Last week, with rain in the forecast and temperatures dropping into the 30s, the city of Sacramento opened two warming centers for those looking to stay out of the cold. The centers, activated at the city's Outreach and Engagement Center on Auburn Boulevard and the North Fifth Street Shelter lobby, opened on Nov. 28 and will remain open from 8 p.m. to 8 a.m. through Dec. 8.
In previous years, the centers have come under fire by advocates for being temporary and hard to reach for Sacramento’s estimated 5,000 unhoused people. That said, more than 70 people have visited the centers since they opened last week, according to city officials.
36-year-old Omie Williams is currently unhoused. She said she almost gave up on reaching the warming center at the Outreach and Engagement Center.
“I couldn't get out here,” she said. “I didn't have the bus pass or the willpower or the strength to come out here and walk from the lightrail.”
However, Williams said she had a pre-existing relationship with Hope Cooperative, the organization which runs the shelter, and they were able to connect her to a ride from the River District, where she often stays outside in a tent.
“If I didn't come here tonight, I didn't know what I was going to do,” she said.
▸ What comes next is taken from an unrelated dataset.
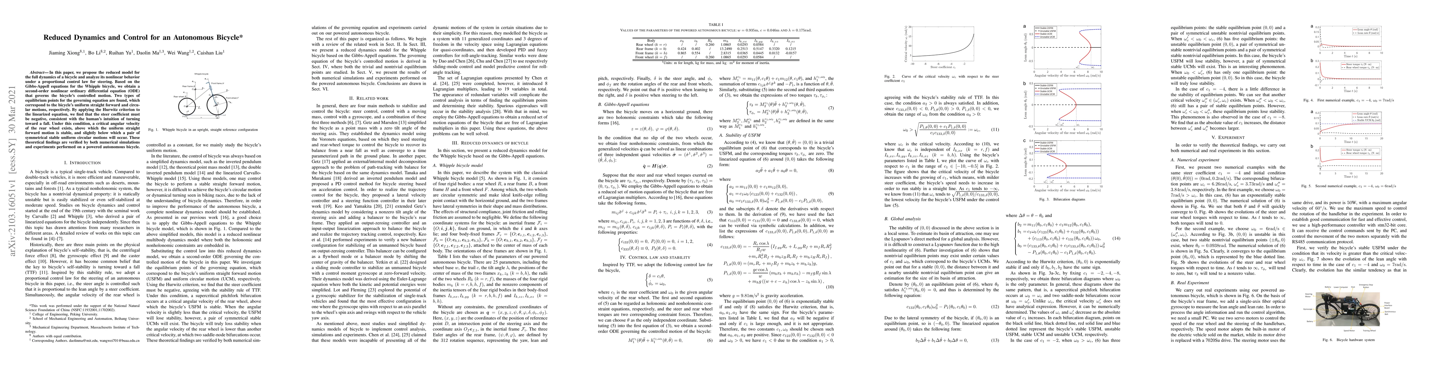 This paper develops a reduced model for the dynamics of an autonomous bicycle, deriving a second-order nonlinear ODE that governs its controlled motion. It identifies equilibrium points for straight and circular motions and confirms stability conditions through the Hurwitz criterion, validated by simulations and experiments.

In previous years, the Outreach and Engagement Center, located at the city’s former Powerhouse Science Center and Museum, was only activated as a respite center during weather related events — for cooling in the summer and warming in the winter. In September, the city opened the facility as a full-time respite center, regardless of the weather. Guests who are referred there by outreach workers can stay for three to five days, and are connected to resources through the Hope Cooperative.
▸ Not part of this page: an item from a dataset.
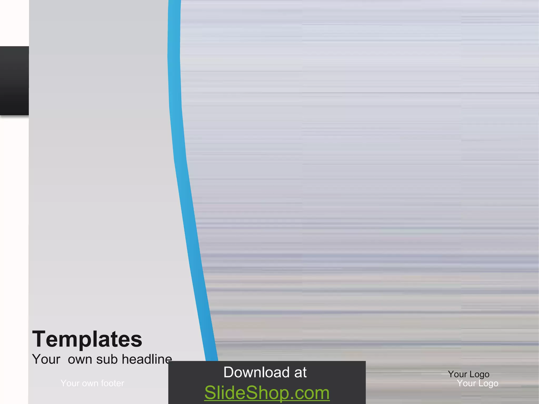 The document serves as a template for customizable presentation slides from slideshop.com, featuring placeholders for various text and graphics such as logos, agendas, and subheadlines. It encourages users to replace example text with their own content while highlighting available templates for headings and diagrams. The repetitive structure suggests a focus on adaptability and ease of personalization for creating professional presentations.

People who have come to the Auburn Boulevard facility for the walk-up warming center enter through a metal gate and are briefly interviewed before being escorted inside. In the foyer, staff ask about health concerns, intake guests’ possessions, and check if a guest is in the Homeless Management Information System. According to Sacramento Steps Forward, the organization tasked with tracking homelessness in the region, this system is a community-wide database used by homeless service providers to “collect confidential client-level data including demographics, history of homelessness and services accessed, and service needs.”
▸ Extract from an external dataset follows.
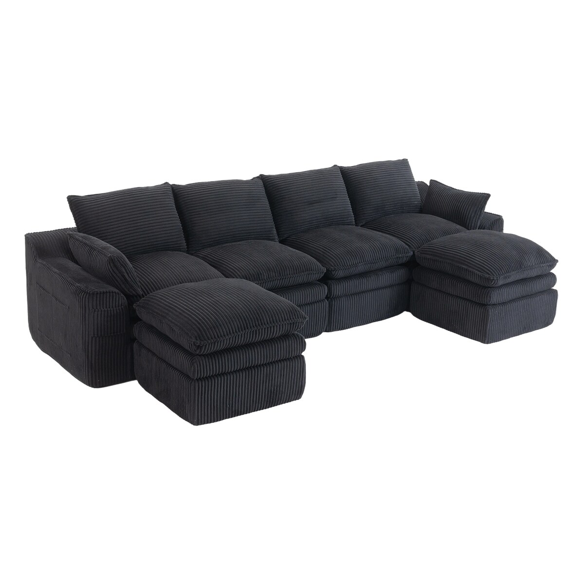 Merax Modulares 4-Sitzer Cordsofa, mit 2 Hocker, Kissen & Seitentaschen, 3‐lagiger Schaumstoff + Federkern, Schwarz

The building has port-a-potties, portable showers, a kennel area, a small dining hall, a dorm for men and women and a lounge space with recliners.
During a visit on Nov. 29, the center was clean and relatively quiet. A Christmas tree with multicolored lights stood in the corner of the lobby, and the Netflix comedy show “Wednesday” played quietly in the lounge. Eight staff run the place at a time, some of them formerly homeless themselves.
The dorms do not have bunk beds; staff provide fold-out mattresses for people to place on the ground, along with a blanket. Although the shelter is meant to temporarily house single adults, one room was cordoned off with a sheet. Behind it, a family was settling down for the night. Hope Cooperative CEO Erin Johansen said the site has to be flexible.
“It's so hard out there that, right now, the city is really trying to help as many people as they can,” Johansen said. “So they're like, you know, ‘make it work, figure it out.’ And that's kind of what we're doing here.”
Johansen said that extends, too, to time that people spend at the respite center. Although it’s intended for people to stay for three to five days, in some cases, it takes longer to help people find their next step. Staff say that 65-year-old Bailey Nelson has been at the shelter for three weeks. Nelson says there aren’t many options for him, and he’s grateful to have been able to stay for longer to get on his feet.
“I had to be stationary somewhere in order to make movement,” he said. “And this was the place to do that.”
The Outreach and Engagement Center normally has capacity to serve 50 people, but during weather-related emergencies capacity is expanded to serve up to 100 people. Johansen said if the center reaches full capacity staff will be “wall-to-wall” busy.
“This was not designed to be a long term shelter” she said. “When you go into a shelter that is designed that way, you might have cots all over the place. This is just bare bones mats on the floor. It was designed to be very short term, [for] triage and warming.”
As for Williams, she was happy to have any accommodation. During the winter, she said she tries to utilize every option to stay warm, like searching for clothes or an extra blanket to sleep on and trash bags to cover her tent.
“Tonight, I'm concentrating on rest and my prayers, and I'm just getting a clear mind, you know, and knowing that I'm safe and I'm okay right now,” she said.
Williams said she hopes the Outreach and Engagement Center will let her stay longer, and that she can connect with some of Hope Cooperative’s resources to help get into a more stable situation.
“I just think that there needs to be more long term consistency, shelter and safe places for homeless people to keep their stuff,” she said. “Not only a respite 23-hour solution, but a permanent solution.”